Gronk said:
And don't tell me "you can throw a bottle to make them look another way". Yes, you can, but it's the harder solution and often you have to "clean" a place out before you can move on. The game wants you to kill. Simple as that.
I hate to say it this way, I really do, but this entire question and quote above are two of the central tenets of the game. One of the points of a wasteland story, especially outside the quarantine zones, is that those who default to the easier and baser answers will often win out.
So, yes. You
can be stealthy in many parts (and I agree to being annoyed that it's not always an option), but the point is that the option is much harder, much slower and insanely more dangerous. Confronted with this moral dilemma, did you tough it out and take the high road, or did you throw a Molotov?
From your statement, I'll assume you chose the easy way.

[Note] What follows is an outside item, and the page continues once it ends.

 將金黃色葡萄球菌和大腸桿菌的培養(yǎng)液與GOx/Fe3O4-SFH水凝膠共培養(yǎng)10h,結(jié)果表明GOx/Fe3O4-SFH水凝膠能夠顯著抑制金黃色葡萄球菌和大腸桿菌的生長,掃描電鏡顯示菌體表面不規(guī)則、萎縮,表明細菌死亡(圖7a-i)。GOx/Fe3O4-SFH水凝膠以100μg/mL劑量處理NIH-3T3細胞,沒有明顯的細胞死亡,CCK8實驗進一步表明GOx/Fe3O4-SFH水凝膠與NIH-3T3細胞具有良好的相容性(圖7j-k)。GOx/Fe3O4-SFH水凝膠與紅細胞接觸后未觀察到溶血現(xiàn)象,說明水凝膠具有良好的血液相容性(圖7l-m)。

Congratulations, you've been played.
For the record, hitting someone in the head to knock them out is a movie thing that doesn't work unless you really don't mind risking killing them, and restraining someone is a lengthy, extremely dangerous process that is very much something you can't do in real life when there are other people around and without backup. Also, there's a good chance they'll be loud or cry out for help.

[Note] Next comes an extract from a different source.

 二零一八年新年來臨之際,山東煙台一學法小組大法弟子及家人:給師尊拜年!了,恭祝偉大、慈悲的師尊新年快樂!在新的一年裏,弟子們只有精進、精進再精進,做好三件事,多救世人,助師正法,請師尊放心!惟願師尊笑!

Speaking solely to TLOU: If the argument is that you find it unfair that the game would put you in a situation where your options are to kill, evade or die. Congrats, you've been played again and put into a situation similar to the character's.
The other central point and story of the game is that something, for lack of a better term, "pure" can grow out of something so base, and what someone, even someone so tainted, would do for it.
Chie:
I really wanted to play Bioshock for the story and wonderful atmosphere/graphics, but I found that the killing took me out of the experience.
This is what i am talking about (and perhaps Chie describes the problem better). Why build such an amazingly good looking wasteland as they do in "the Last of us" and then just fill it with murder? Yes, it's a wasteland. yes, it's an action adventure game (sort of). But it's far from the first wasteland in games, and far from the first action adventure game. Why not do something different? Why not care more for your characters and for their actions? Yes, Joel is traumatized and he has to do nasty things to get by.. I get that. But, Killing hundreds (of non-infected) without flinching? If he did this for 20 years, im surprised there's anyone left at all.
The reason the wasteland is 'filled with murder' is because the game stops working on the same level without it. A true wasteland story, as described in both of these, is a place where society has fallen, or exists in pockets or is rebuilding due to human perseverance.
Bioshock's wasteland exists solely as a result of the Splicers, and by extension the plasmids, and by extension the concept of objectivist philosophy taken to its base level. The game is framed (arguably ham-fistedly) around the question of whether or not you can survive against those who have 'bettered' themselves out of their humanity without giving up your own, and if you ever had any to start. The atmosphere wouldn't exist without the enemies, and the theme of the game would be instantly neutered.
Trust me, I've seen similar games with enemies modded out. It doesn't work.
The only wasteland-like game I can think of that goes without any of this is Journey, which is a remarkable game on many counts; not the least of which being it's look at human contact without beating you about the head and shoulders with it.